Russian unit of land measure (13th–17th centuries)

Sokha (big plow) is a unit of land measure in Russia in 13th-17th centuries. Sokha was used as unit of taxation for worked land owned by someone else or the State. The term originated when Tatars took rent from the actual plows - the land working tool which used 2-3 horses.

At the end of 15th century Novgorod sokha equalled 3 obzhas. A Moscow sokha was equal to 10 Novgorod ones and was paid according to the different sizes in various regions of the state.

In 1550 a new land-measure unit was established which kept the old name sokha. The name was then used for a certain amount of exploited land. A sokha was divided into quarters.

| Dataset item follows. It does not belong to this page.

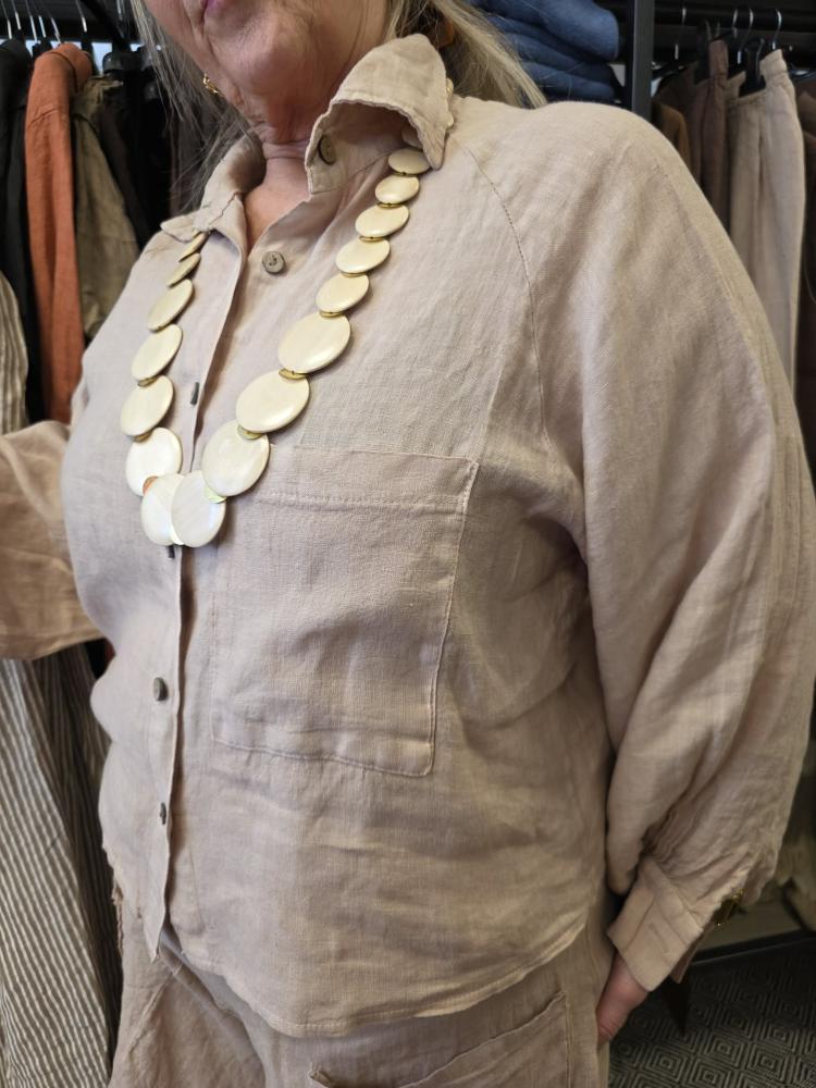Härligt vid och skön sandfärgad skjorta i 100% linne. Krage, helknäppt, en bröstficka samt med en lite "boxig" ärm som avslutas med en manschett.

There were several types of sokha:

1. government – 800 quarters of best land;
2. church – 600 quarters of best land;
3. black – 400 quarters of best land.

Here, government meant someone who was working in government sectors, and black meant an average person ("the masses"), quarter or quart meant an area of land that is planted with a quarter of rye. The land was planted in such a way that the area of land seeded with two quarters was equal to a desyatina (an area of land approximately equal to one hectare).

Because of the different types of sokha, land owned by lower classes was worth less towards the tax, and most of the tax was paid by the peasants. Given the same amount of land, they paid twice as much as government officials, and 1.5 times as much as church officials.

In order to find out how many sokhas were in the state, a census measured and counted the rented lands. Quarters of land that were planted for personal use were free from payment. Until the beginning of the 17th century, a peasant who lived and worked on the land owned by a government employee, just like a peasant living on their own land or state land, paid equally for each exploited quarter of land. This section of land was called living. At the beginning of the 17th century, the term living quarter was used not for the actual quarter of worked land, but for several whole farms in which more than a single quarter was planted.

This was done in the interest of government officials - their lands were used to establish living quarters which constituted 10-16 yards. This means that if every yard was divided into 4 quarters (two desyatinas), then such a living quarter was then 40 to 64 quarters of actual quarters of utilized land. Therefore, 40 to 64 quarters of government official land paid the same amount of tax as one peasant paid from the single quarter that he lived on (whether self- or state-owned).

In 1678–1679 the sokha was replaced with the yard count, meaning taxes were to be paid for the number of peasant yards, rather than the area of the land occupied by the yards.

Taxes from small villages was also collected in sokhas. The term sokha remained but now it referred to a certain number of yards/houses. There were several types of sokha again: best, average, lesser, and worst villagers. Sokha of the best villages was equal to 40 yards, average - 80, lesser - 160, and worst - 320 yards. Every sokha was charged the same amount of tax. Therefore, best villages paid the same amount for half the number of farms than the average ones. If there were not enough lesser or worst sokhas, then the tax was charged from the people that lived in average or best sokhas.